------ GIVEN MATERIAL ------
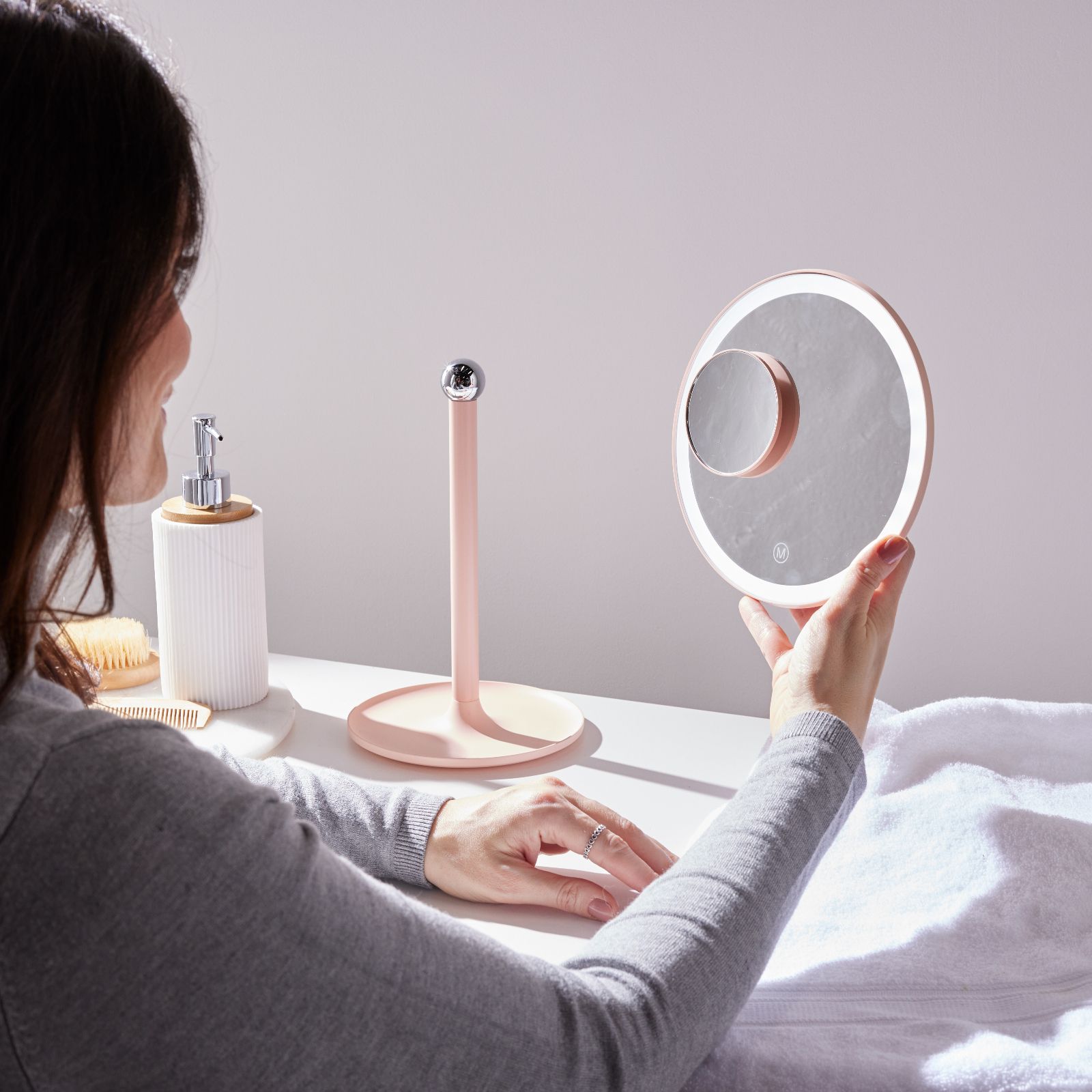 Meet your vanity's missing piece, the LED illuminated vanity mirror from Bellalicious. This beauty accessory will take your daily routine to new heights, boasting a 360-degree swivel, three lighting modes and a stand that doubles as a jewellery dish, so every aspect of your look will be flawless. The included 10x magnification mirror ensures you'll never miss a detail, so from skincare to make-up and hairstyling, this mirror is your new best friend.
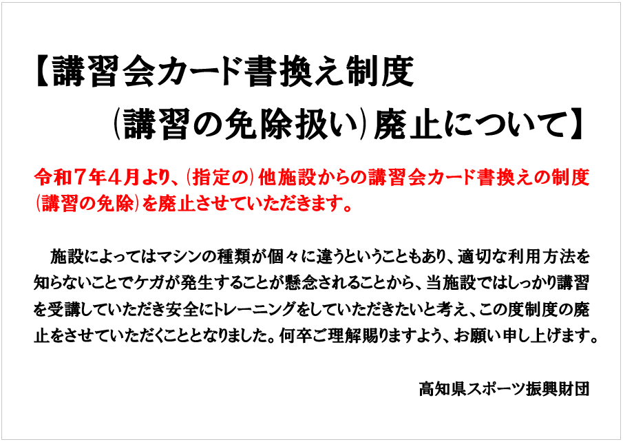 2025年1月29日 / 最終更新日時 : 2025年1月29日 haruno お知らせ トレーニング室利用講習会免除制度の廃止について 春野総合運動公園では、特定施設のトレーニング講習会を受講済みの方に対して、春野の講習会を免除としておりましたが、令和7年4月からその制度を廃止いたしますのでお知らせいたします。
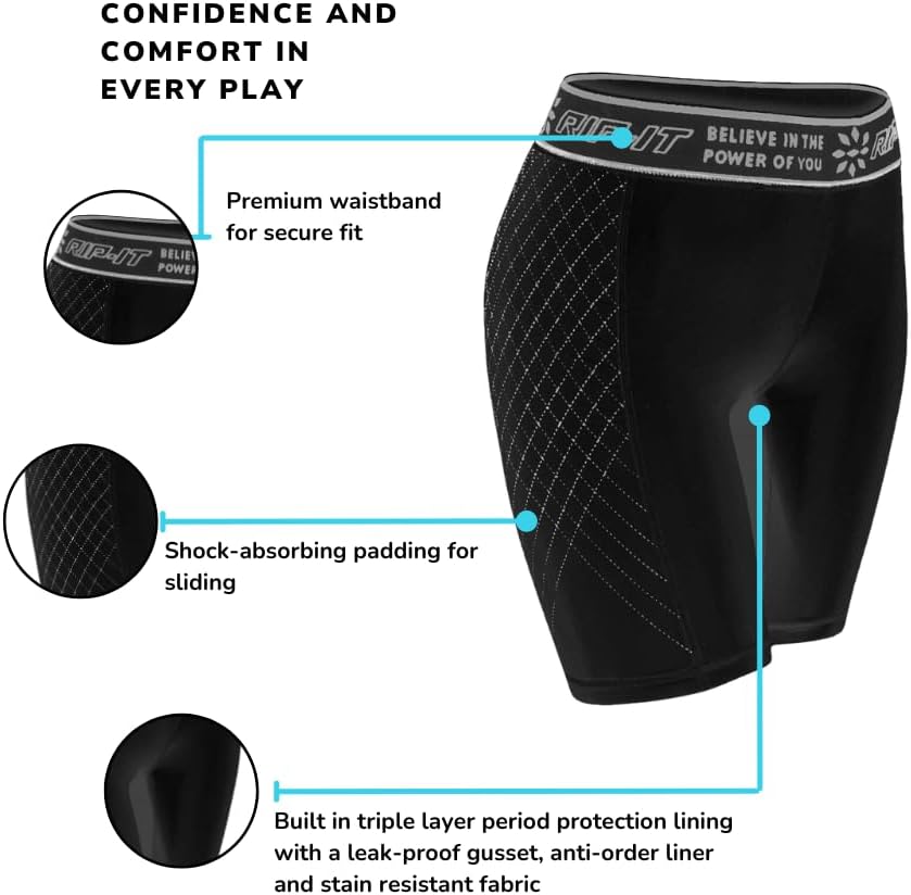 RIP-IT Period-Protection Pro Softball Sliding Shorts, Padded Compression Shorts for Women
------
## PROBLEM
No pictures should appear in the copy; write out exactly the lines from the one containing "2025年1月29日 / 最終更新日時" through the end of the material.

## WRITTEN ANSWER
 2025年1月29日 / 最終更新日時 : 2025年1月29日 haruno お知らせ トレーニング室利用講習会免除制度の廃止について 春野総合運動公園では、特定施設のトレーニング講習会を受講済みの方に対して、春野の講習会を免除としておりましたが、令和7年4月からその制度を廃止いたしますのでお知らせいたします。
 RIP-IT Period-Protection Pro Softball Sliding Shorts, Padded Compression Shorts for Women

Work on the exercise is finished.